Prof. E. N. Horsford, of Cambridge, Mass., Class of 1838, late U. S. Commissioner to the Vienna Exposition, then delivered the following address:

ADDRESS BY PROF. E. N. HORSFORD, CLASS OF 1838.

Gentlemen of the Alumni of the Rensselaer Polytechnic Insti

tute:

I might, as a loyal son of our Alma Mater, try to pay the tribute of my respect to the Institution which has grown from comparatively small beginnings to its present commanding position. I might speak of the genius of its founder; of his discovery of the system of object teaching, and of the then new method of training young men to become teachers; of his great services of other kinds to the cause of education; of his vast acquisitions and perfect. command of them at all times. I might glance at the career of the graduates I have known. I might recall to your memory the names of some of the friends of the Institute in the days of my membership-of some who still live; of more that have gone-but at the best, I should indifferently fulfill the task. It will be performed by others better fitted, by sons more familiar with the record. I will not add, by sons who remember, with a warmer gratitude than I, the privileges that were secured to us here.

It was a source of pride and satisfaction to me when, some years after my graduation, it was my fortune to enter Leibig's Laboratory as a pupil, to find that the methods pursued under the guidance of that great Teacher, were in many respects the methods I had been familiar with in the Rensselaer Institute; carried out with the ampler facilities furnished by Government, but essentially the same in conception, in fitness, in certainty of result.

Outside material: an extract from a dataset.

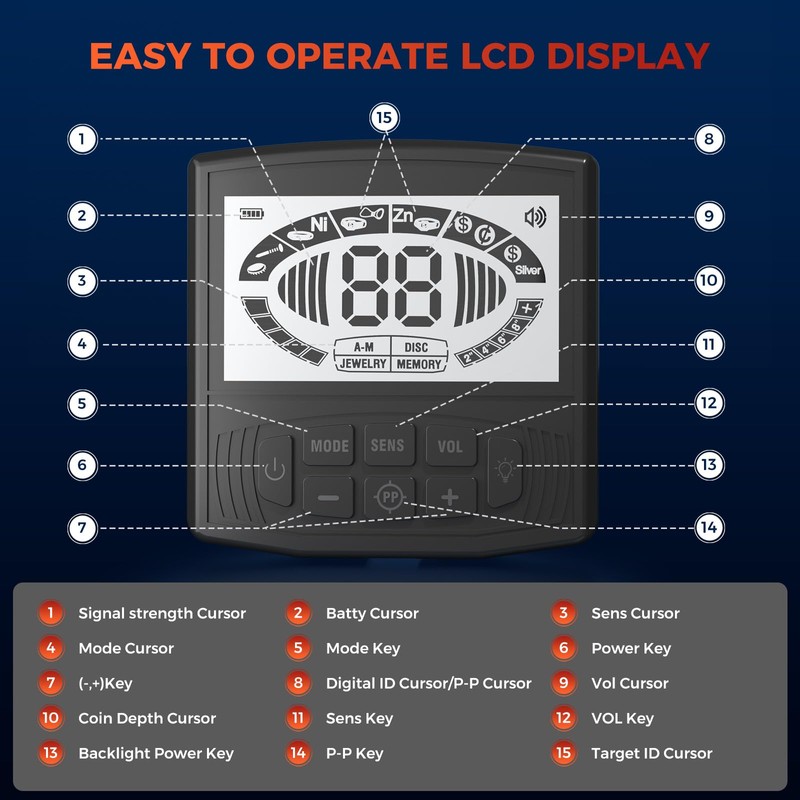 - 5 MODES INCL. PINPOINT & LCD BACKLIGHT: Easily adapt with 5 modes (All Metal, Discriminate, Notch, Custom, Pinpoint). The PP function precisely locates finds. This metal detector with pinpointer features a large backlit LCD, clearly displaying find type, depth, sensitivity & battery level, day or night.

In a recent visit to Europe it was refreshing to see in the Polytechnic Education of Austria, which now unquestion

ably has no superior in the world, the methods of the Rensselaer School of fifty years ago. It will not do to say that the methods were copied from ours, but it is proper to say that the inspiration that gave them to the eastern world moved the mind of Prof. Eaton at a period as early as it did that of Pestalozzi, and Fellenberg, and Leibig, and under circumstances much less favorable for development. The mention of the Old World, as we are accustomed to call it, suggests to me a theme.

I can think of nothing with which I can better occupy the few moments allotted to me, than in presenting a picture of the life that showed itself last summer to an American Commissioner, at the grandest show of the products of polytechnic industry that has ever been gathered for the study and entertainment of the world. We do not meet here solely to be enlightened. We meet to revive cherished memories-to lay the foundation of new ones. I confess I should like of all things to listen to the personal history of the classmates with whom I used to wander in search of plants, and minerals, and birds; with whom I used to conduct wonderful triangulations of the Hudson Valley, and extemporaneous surveys of impossible railways in the direction of the Hoosac Mountain. About the time I was ready to leave the Rensselaer School some thirty-six years ago, there came to town for the purpose of delivering a lecture, Col. William L. Stone, for many years the editor of the New York Commercial Advertiser, better known to this generation as the author of the "Life of Red Jacket, the Seneca Chief." He commenced his lecture by answering the question whether he had come to Troy supposing he could enlighten its citizens, by relating the anecdote of a man found digging a hole in a cellar. On being asked its object, he answered by saying that "it was to let the dark out." My object is humbler than Col. Stone's was. I propose only to try to entertain you.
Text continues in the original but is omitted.